Geoff and I were heading home earlier this week from our lovely holiday in southern Brittany. We were feeling deeply imbued with Frenchness after being entrenched as natives for the duration of our stay.

We cranked up our language skills as the days went by so that we were able to have conversations with Monsieur, our landlord, and only lapse into Italian at every third word, as opposed to every second word, as it had been at the start.

The sound of our hands slapping our foreheads in frustration as the horrible realisation dawned of yet another faux pas became all-too familiar.

But we managed, and we made ourselves understood wherever we went – even to the French couple who stopped us on our first evening to ask where they could park their camper van. We gave them a Gallic shrug, a few variations on the useful word “Bouff”, and they soon got the message.

We also conducted exchanges with stall holders in the most fantastic food market, so big and so colourful that I’d like to have just stood and stared for hours. Instead, there were choices to be made and provisions to be bought before the best stalls sold out.

Later, I tortured the most heavenly ingredients into a meal in the one pan on the one hot plate in our kitchen. Haute cuisine it was not.

We felt, on the whole, that we had become as French as we could get without actually wearing a beret and a striped top. It was far too hot for dressing up.

Driving ferry-wards through northern France, we stopped for lunch in a small town we’d identified earlier on the map as being a must-see. Unfortunately, it turned out to be a mustn’t-eat, as one restaurant was full, another closed for the day and a third had gone out of business very recently.
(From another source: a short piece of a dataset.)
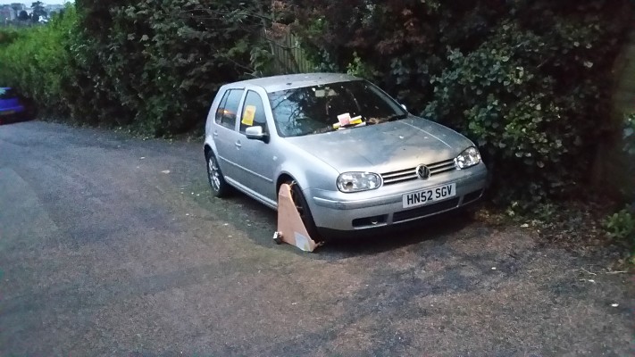 It now appears that the car-tax has ‘expired’, and so the Local Council has had the car ‘clamped’, paradoxically stating that this car ‘should not be moved’. After all these months the Local Council have not been able to ‘lawfully’ move or destroy this car, simply because there is no ‘legal’ basis for such action. This is corruption at the local government level, which sees a Local Council coerced into the murky waters of semi-legal activity by a privileged community of Council Tax payers. From what I have heard, these people do not like an ‘old’ looking car parked in their area, and so the Local Council has tried to accommodate these ‘nimby’ attitudes with half-arsed actions that risk the chance of being sued in Court. The point is that at the time this car was parked, ‘no one’ knew whether the owners were on holiday, or would would return in a few week’s time. As matters have transpired, the vehicle does now appear to be ‘abandoned’. What concerns me is the nature of the car’s contents – with a fast-food drink container and straw left near the gear-stick – as if the owner had just popped-out to get something before quickly returning – only never to have returned. The car is obviously not ‘stolen’ or the police would have got involved – so where is the owner? It was left near the seafront, and it is not beyond the realm of possibility that the owner suffered a fatal accident walking on he rocks, or even committed suicide.
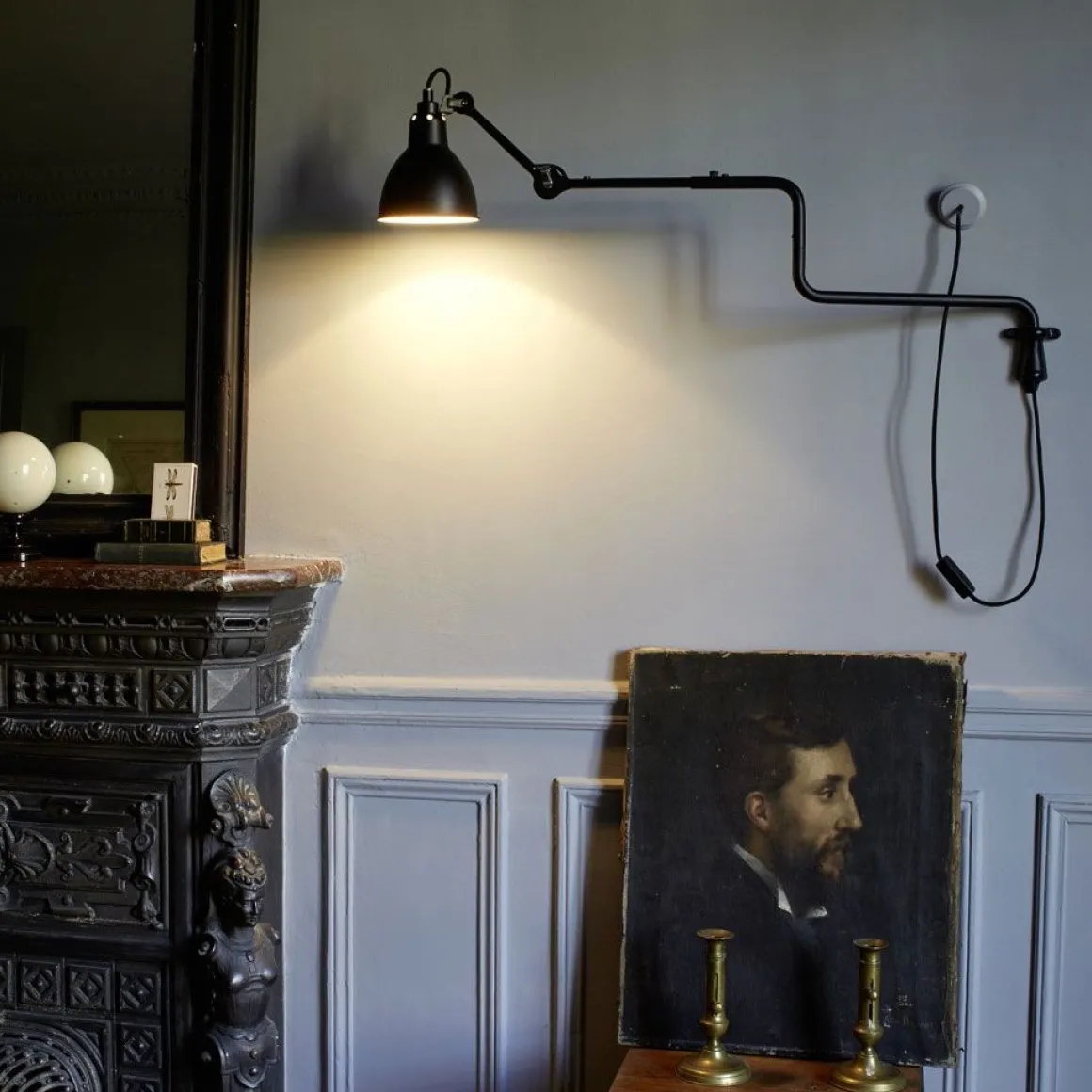 La superbe applique murale Lampe Gras N°303 articulée à double coude dessinée par Bernard-Albin Gras est une icône du design du XXème siècle, à la superbe finition noir satiné, éditée par DCW Editions. Conçue à l’origine pour les professionnels de l’industrie et des bureaux d’études, la Lampe Gras, dotée d’une esthétique unique, séduit les particuliers et éclaire les intérieurs du monde entier. Le style industriel élégant et robuste et la sublime finition noir mat de cette applique au design sobre lui confèrent une ligne intemporelle. Son bras à double coude peut s’étendre à 72 cm et la 2ème partie pivote sur son axe permettant des déplacements horizontaux, la bielle supportant le réflecteur pivote également et le réflecteur est orientable, ce qui rend cette applique murale très fonctionnelle et totalement polyvalente. Avec son design très graphique, l’applique murale N°303 sera parfaite dans une cuisine, au dessus du plan de travail, au dessus d’un lit en lampe de chevet, dans un coin du salon, ou pour éclairer un bureau ou un atelier. Grâce à une rondelle noire fournie, vous pouvez si vous le souhaitez dissimuler le branchement électrique.

We walked around and a local woman gave us a recommendation, naming a place up a hill in the next village. By the time we got back into the car we had, of course, forgotten her directions, so we just pootled along, not encountering a hill, until we came to a hamlet and saw a small hotel with people sitting outside under shade eating lunch.

This’ll do, we decided, even if it isn’t the one we were recommended. We enjoyed a tasty plât du jour, followed by coffee, at which point we fell into conversation with an English man at the next table. His inquiry if we were Brits did rather break our spell of being convincing natives, albeit natives with Italian accents.

Geoff and I were amazed to discover that this chap, resident in Normandy for the past 16 years (”and I still don’t speak a word of French” – shame on him) was the retired licensee of a pub that we knew well.

We knew many people in common, among them his former partner, and we learnt that he dreams of returning to live on the Jurassic coast.

Financial constraints are unlikely to allow this to happen, meaning he will probably see out his days in Normandy.

He didn’t seem too upset by this prospect, even if, by his own admission, he rarely has a clue of anything going on around him.

Whether or not that’s a good thing, I don’t know, but now I’m back home and the usual depressing news is coming from all angles, I can see it has its attractions.